**Input material:**
[Start of Attachment]
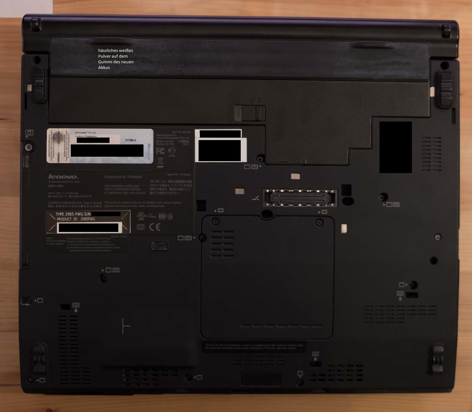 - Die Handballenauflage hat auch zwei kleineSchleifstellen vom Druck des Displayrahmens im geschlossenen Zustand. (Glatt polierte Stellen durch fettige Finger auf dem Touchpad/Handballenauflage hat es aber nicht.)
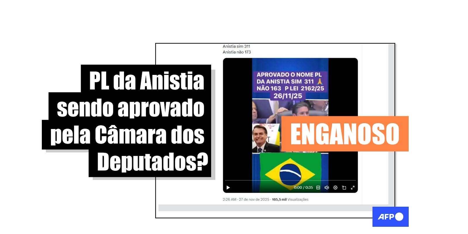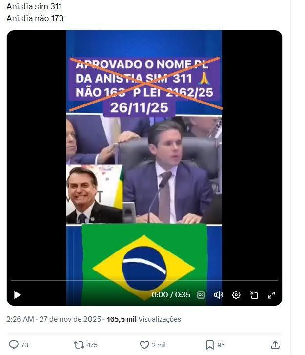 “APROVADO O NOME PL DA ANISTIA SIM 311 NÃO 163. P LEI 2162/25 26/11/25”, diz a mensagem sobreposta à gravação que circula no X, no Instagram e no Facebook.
[End of Attachment]
[Start of Attachment]
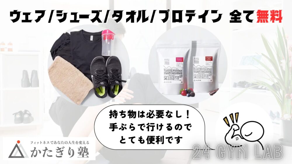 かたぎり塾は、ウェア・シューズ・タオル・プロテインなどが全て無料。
[End of Attachment]
[Start of Attachment]
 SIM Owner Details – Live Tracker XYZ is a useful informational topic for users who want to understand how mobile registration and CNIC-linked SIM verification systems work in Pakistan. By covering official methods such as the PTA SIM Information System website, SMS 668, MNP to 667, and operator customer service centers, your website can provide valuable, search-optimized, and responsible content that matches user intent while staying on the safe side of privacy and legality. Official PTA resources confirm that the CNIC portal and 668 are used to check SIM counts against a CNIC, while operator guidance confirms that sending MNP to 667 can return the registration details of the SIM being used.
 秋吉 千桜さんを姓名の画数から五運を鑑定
[End of Attachment]
**Work request:**
Print the part of the listing above that opens with the line containing "- Die Handballenauflage" and closes with the line containing "e no Facebook.". Copy it exactly, both ends included, and omit the pictures.

**Problem solution:**
 - Die Handballenauflage hat auch zwei kleineSchleifstellen vom Druck des Displayrahmens im geschlossenen Zustand. (Glatt polierte Stellen durch fettige Finger auf dem Touchpad/Handballenauflage hat es aber nicht.)
 “APROVADO O NOME PL DA ANISTIA SIM 311 NÃO 163. P LEI 2162/25 26/11/25”, diz a mensagem sobreposta à gravação que circula no X, no Instagram e no Facebook.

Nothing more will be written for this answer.